The on replace triggers will be activated by a :replace query option. They are run before any on put triggers.

All triggers for a relation must be specified together, in the same ::set_triggers system op. If used again, all the triggers associated with the stored relation are replaced. To remove all triggers from a stored relation, use ::set_triggers <REL_NAME> followed by nothing.

As an example of using triggers to maintain an index manually, suppose we have the following relation:

:create rel {a => b}

and the manual index is:

:create rel.rev {b, a}

To manage the manual index automatically:

::set_triggers rel
 
on put {
    ?[a, b] := _new[a, b]
 
    :put rel.rev{ b, a }
}
on rm {
    ?[a, b] := _old[a, b]
 
    :rm rel.rev{ b, a }
}

With the index set up, you can use *rel.rev{..} in place of *rel{..} in your queries.

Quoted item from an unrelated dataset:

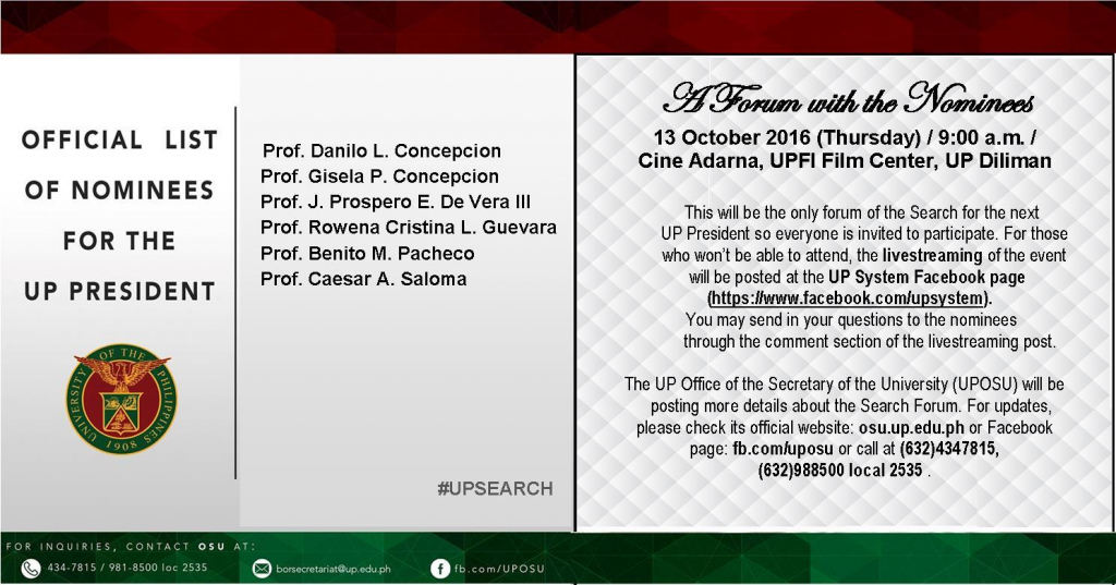 Based on this, the Board then unanimously accepted the nominations of the following as candidates for the UP Presidency:

Note that unlike indices, there are ingestion APIs for which triggers are explicitly not run. Also, if you want to manually manage indices with triggers, you have to populate the existing values manually as well.

Storing large values

There is a limit to the amount of data you can store in a single value or single row. The precise limit depends on the storage engine. For the in-memory engine it is obviously RAM-bound. For the SQLite engine the keys as a whole and the values as a whole are each stored as a single BLOB field in SQLite, and are subject to their limit. For the RocksDB engine, which is the recommended setup if you are thinking of storing large values, the keys as a whole are stored as a RocksDB key, which has a limit of 8MB, and keys should be kept small for performance. For values, CozoDB utilizes the BlobDB functionality of RocksDB, and you are only limited by RAM and disk sizes.

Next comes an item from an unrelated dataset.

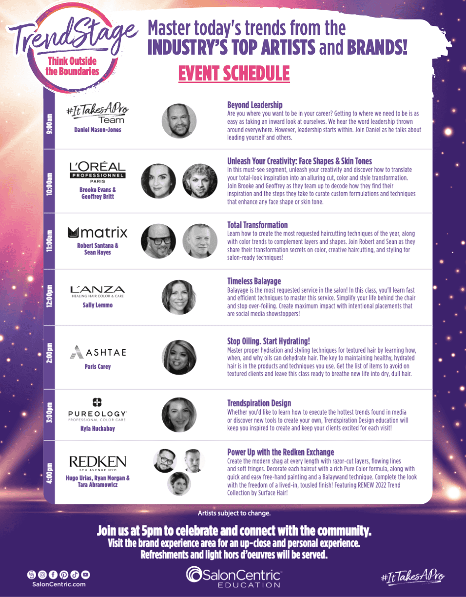 Come learn about becoming a leader in the hair business, balayage, hydration, coloring and face shapes, trending styles and cuts, styling, razor cuts and SO MUCH MORE.

Performance-wise, if large values are present, currently these values will be read into memory if the row is touched in the query. So it is recommended to store large values in a dedicated key-value relation in the database, with all the metadata stored in a separate relation. At query time, you should search/filter/join the metadata relation to find the rows you want, and then join them with the dedicated large value relation at the last stage.